As of PSPDFKit 7.6 for iOS, you can obtain all previously downloaded document descriptors by calling InstantClient.localDocumentDescriptors().

Use of Downloaded Document Descriptors

If the data backing a document descriptor has already been downloaded, the documentState will be determined when you try to obtain an editable or read-only document from the descriptor. A descriptor whose local data contains unsynced changes will report that it’s in .dirty, while a descriptor with local data that doesn’t contain changes will report that it’s in .clean.
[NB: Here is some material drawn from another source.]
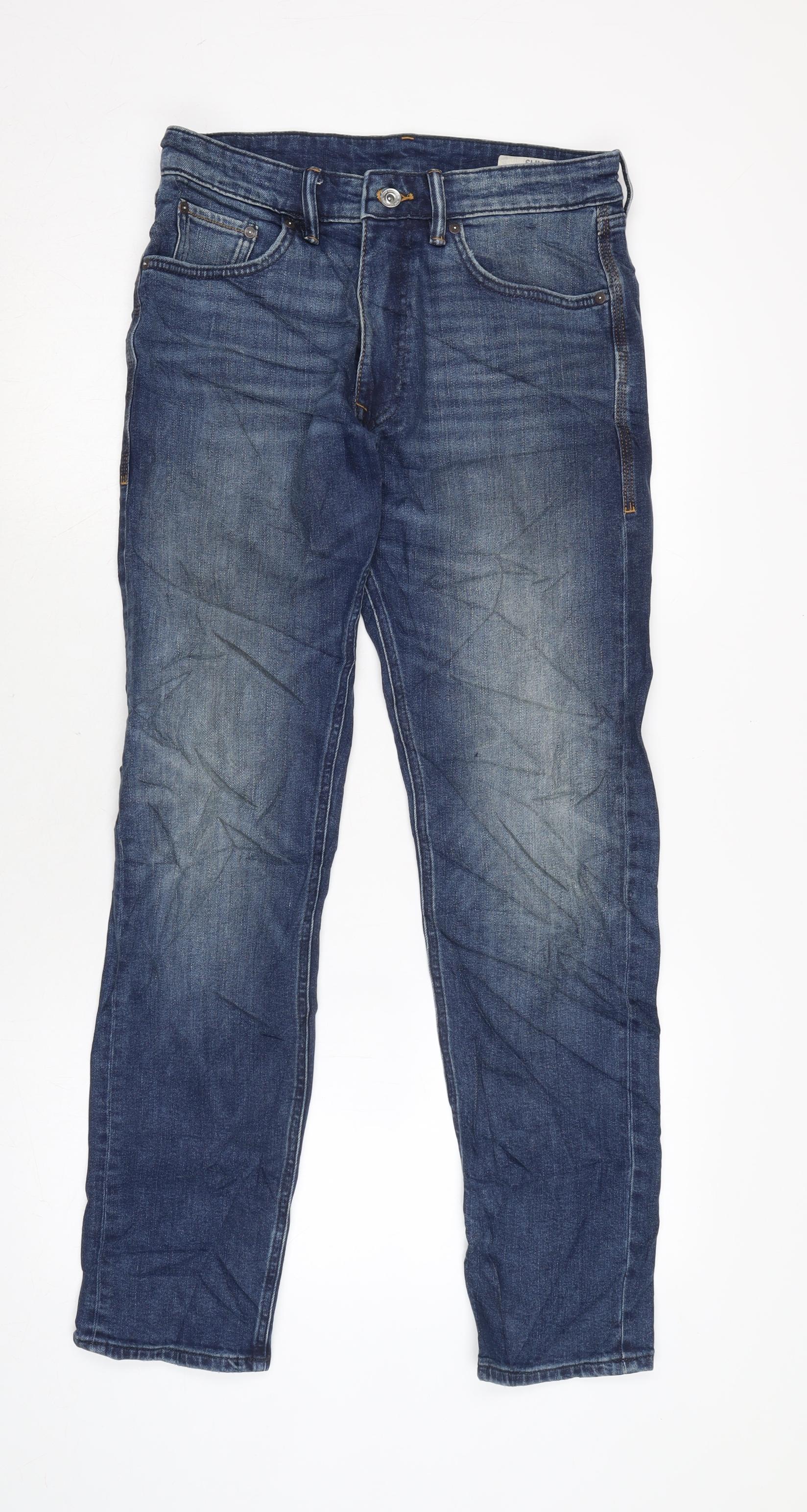 Marks and Spencer Mens Blue Cotton Blend Straight Jeans Size 30 in L31 in Regular Zip

If the data for a document descriptor has been downloaded before but has somehow been corrupted, obtaining the document will fail and the descriptor will report a documentState of .invalid. Should this ever happen, you can remove the local storage for that descriptor, which will then be in .unknown again. This allows you to attempt a fresh download of the annotation data — in this case, the PDF file doesn’t need to be downloaded again.
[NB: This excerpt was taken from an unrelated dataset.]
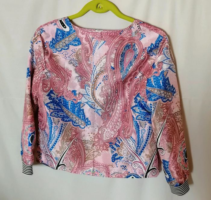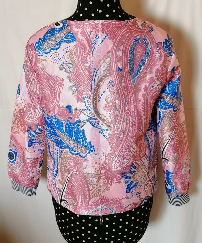 Veste courte bomber rosr bleu blanc cachemire taille XL Chan Chan Fashion - photo numéro 3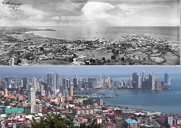 | Ảnh chụp thành phố Panama thập niên 30 của thế kỷ trước và hiện tại. Quang cảnh hoang vu đã được thay thế bằng rất nhiều tòa nhà chọc trời. |

Once you’ve obtained an editable document from a downloaded document descriptor, you can start performing CRUD operations on its annotations and then sync them. By default, a document descriptor is configured to sync automatically a short while after you’ve made changes to its editable document. If you’ve disabled automatic syncing of local changes or you just don’t have local changes and want to fetch the newest server data, you can manually start a one-shot sync by calling InstantDocumentDescriptor.sync().

The Sync Cycle

When a document descriptor starts syncing, it posts a PSPDFInstantDidBeginSyncing notification and begins to cycle through several states until all local changes have been synced and the newest server truth has been applied, or until an error occurs. Depending upon the initial documentState of the descriptor, this notification is accompanied by a change to .sendingChanges if there were local changes. When it begins receiving the new server truth, a PSPDFInstantSyncCycleDidChangeState notification is posted and the documentState switches to .receivingChanges until this truth has been applied to the local database.
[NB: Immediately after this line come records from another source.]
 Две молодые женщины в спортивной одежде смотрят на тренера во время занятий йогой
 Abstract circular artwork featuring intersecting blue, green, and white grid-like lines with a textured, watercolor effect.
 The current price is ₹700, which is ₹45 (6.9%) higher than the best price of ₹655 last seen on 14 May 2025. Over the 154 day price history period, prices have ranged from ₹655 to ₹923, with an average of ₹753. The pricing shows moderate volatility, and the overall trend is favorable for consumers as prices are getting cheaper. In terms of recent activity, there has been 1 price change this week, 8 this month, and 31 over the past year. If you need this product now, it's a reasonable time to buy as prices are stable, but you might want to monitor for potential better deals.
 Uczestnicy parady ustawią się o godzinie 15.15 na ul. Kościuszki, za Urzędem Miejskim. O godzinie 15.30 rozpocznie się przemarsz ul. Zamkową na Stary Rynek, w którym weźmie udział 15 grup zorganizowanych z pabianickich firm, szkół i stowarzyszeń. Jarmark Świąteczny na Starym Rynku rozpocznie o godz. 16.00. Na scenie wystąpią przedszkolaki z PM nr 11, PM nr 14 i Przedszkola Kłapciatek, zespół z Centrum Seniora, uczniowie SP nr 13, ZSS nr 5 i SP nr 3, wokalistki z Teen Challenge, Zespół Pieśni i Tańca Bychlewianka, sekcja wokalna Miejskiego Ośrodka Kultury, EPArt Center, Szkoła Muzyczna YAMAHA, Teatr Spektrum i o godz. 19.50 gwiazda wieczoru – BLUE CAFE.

This can take any amount of time and is dependent upon various factors. It is therefore possible that new local changes will have been made when Instant applies the newest server truth. If there are no local changes after applying the new server truth, the sync cycle completes by posting a PSPDFInstantDidFinishSyncing notification and updating the documentState to .clean. If, on the other hand, there are unsynced local changes, the sync cycle will continue, a PSPDFInstantSyncCycleDidChangeState notification will be posted, and the documentState will be updated to .sendingChanges.

Errors during Sync

If an error occurs while a sync cycle is running, the cycle terminates immediately. In the case of an authentication failure — such as when the JWT expires — a PSPDFInstantDidFailAuthentication is posted, and the instantClient(_:didFailAuthenticationFor:) method is called on your client’s delegate. A new sync will be started after you make a successful call to reauthenticate(withJWT:).

In any other case, a PSPDFInstantDidFailSyncing notification is posted, and the instantClient(_:documentDescriptor:didFailSyncWithError:) method is called if your client’s delegate implements it. If the local database contains changes that have not yet been confirmed by the server, the documentState of the descriptor is updated to .dirty. Otherwise, the state is updated to .clean.

In the case of network errors, Instant will retry the sync operation using an exponential, jittered, backoff strategy. In case of authentication failures, no such reattempts will be made.